"Alya... !" teriak Adam dengan sangat kencang berjalan kearah kamar Alya.
"Mas ada apa?" tanya Alya yang langsung keluar dari dalam kamarnya berusaha untuk tenang dan seolah-olah tidak ada yang terjadi.
"Kau tanya Ada apa?" bentak Adam. Anin yang baru kali ini melihat sosok Mas Adam yang sangat marah, hanya bisa terdiam di samping suaminya itu.
"Iya ada apa Mas?" tanya Alya tanpa rasa bersalah.
"Kau," Adam mencengkram tangan Alya dengan kencang.
"Mas sakit," lirih Alya.
"Kenapa kau pergi dari rumah sakit?" tanya Adam dengan suara yang berat dan tatapan tajamnya pada Alya.

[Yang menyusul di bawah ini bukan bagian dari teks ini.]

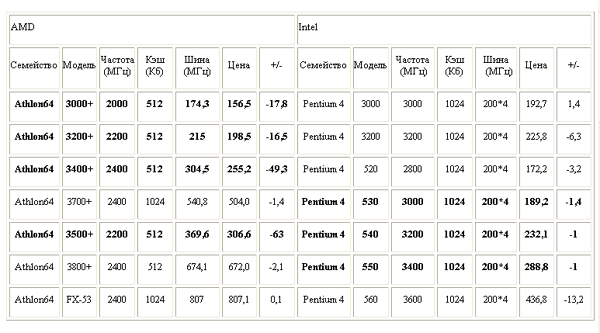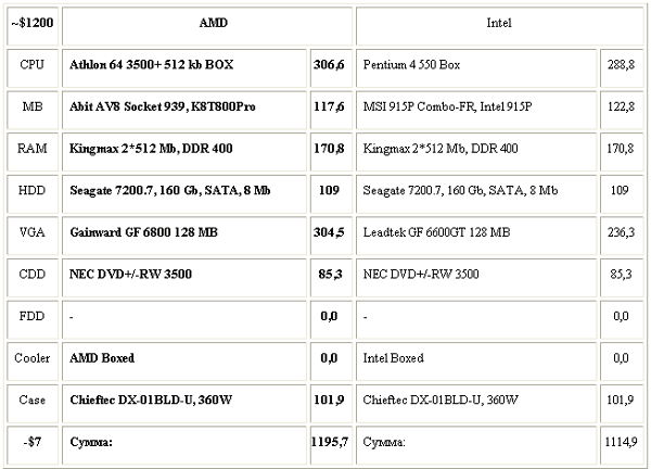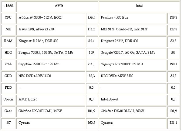 Компьютеры высшего ценового диапазона по большому счету кардинально ничем не отличаются от своих более дешевых собратьев: одна компонента побыстрее, другая помощнее, третья с лучшим дизайном. В результате покупатель получает оптимальный максимум производительности на сегодняшний день. Если этот термин не ясен, то поясню - оптимальный максимум достигается тогда, когда идти дальше непропорционально дорого. Иными словами за пять процентов дополнительной производительности придется переплатить 25-50% и более. И, разумеется, моей задачей будет указать эту оптимальную границу. Иначе бы этот выпуск не имел бы никакого смысла. Можно было бы просто отписаться, просто посоветовав приобретать самые дорогие комплектующие. Подводя небольшой итог, замечу, что стоимость подобных систем начинается с ~$800. Верхнюю границу каждый определяет для себя сам". Расставив все точки над "I", перехожу к выбору комплектующих для нашей "оптимальной системы". Существуют два подхода к подбору такой конфигурации. Первый - "Купил и забыл". Доход людей, делающих так несомненно велик. Впоследствии состоятельному человеку будет проще по прошествии двух-трех лет продать/отдать/оставить старый и купить новый компьютер, а не возиться с заменой отдельных частей. Второй подход "Расчет с прицелом на будущее". Купить компьютер с самыми значительными возможностями для расширения. На сегодняшний день, это прежде всего шина PCI-Express, Socket 939 или Socket 775. Дабы не быть голословным, приведу такой пример. Очень дорогой компьютер трехлетней давности: Pentium4 2.0/AthlonXP 1900+, Socket 478/462, i850/KT266a, RIMM/DDR, 64 MB GeForce3. Сегодня можно было бы заменить в нем и процессор уровня 3000-3200, если материнская плата поддерживала бы новую процессорную шину (возможно при разгоне), и установить мощную видеокарту так как AGP 8x обратно совместима с AGP 4x (напряжение 1,5 v). Но ведь вы могли и просчитаться, купив систему на полгода раньше, когда еще не было AthlonXP и Socket 478. Так что такой подход более рискован. Хоть и сулит меньшие затраты. Платформа и процессор![]() Жирным в табличке я выделил модели процессоров, рекомендуемые к покупке. Они наиболее подходят по соотношению цена/производительность. Выше - слишком дорого, а ниже - производительности маловато. Стоит отметить резкое снижение московских цен на процессоры Athlon64 рейтингов 3500+ и ниже. Связано оно с выходом на рынок, пока не наш , топовых процессоров Athlon64 4000+. Представляющего собой точную копию процессора Athlon FX-53 (2400 МГ/1024Кб) и Athlon FX-55 - первый процессор AMD с частотой 2,6 гигагерц. По предварительным тестам - это новый лидер по производительности. В стане Интел все спокойно, цены немного снизились, но в целом остались на тех же отметках. Наиболее перспективной с точки зрения дальнейшего апгрейда, на данный момент является платформа Intel Socket 775. Здесь и новый процессорный разъем, и PCI-Express. И неофициальная поддержка некоторыми производителями будущей 1066-процессорной шины (Abit, Asus и другие). Платформа AMD Socket 754 и Socket 939 уступает, так как платы на последнем чипсете nVidia nForce4 еще до нас не доехали и PCI-Express вместе с ними. Однако не стоит расстраиваться и думать, что она не на что не годится и ее не стоит покупать. Напротив, очень даже стоит тем, кто хочет "купить и забыть". Так как мощных видеокарт для платформы PCI-Express с приемлемой стоимостью пока нет. Об этом подробней в следующем разделе. Так что, если вы с

"A... Aku tadi -- "Alya tidak bisa meneruskan perkataannya, saat ini Alya benar-benar merasa ketakutan. Mas Adam yang dikenalnya baik dan tidak pernah sekali pun membentaknya, kini mencengkram tangannya dengan kencang dan menatap Alya dengan sangat tajam penuh dengan kebencian.
"Kau harus ikut aku kembali ke Rumah Sakit," ucap Adam, langsung menarik tangan Alya dan menyeretnya keluar dari rumah.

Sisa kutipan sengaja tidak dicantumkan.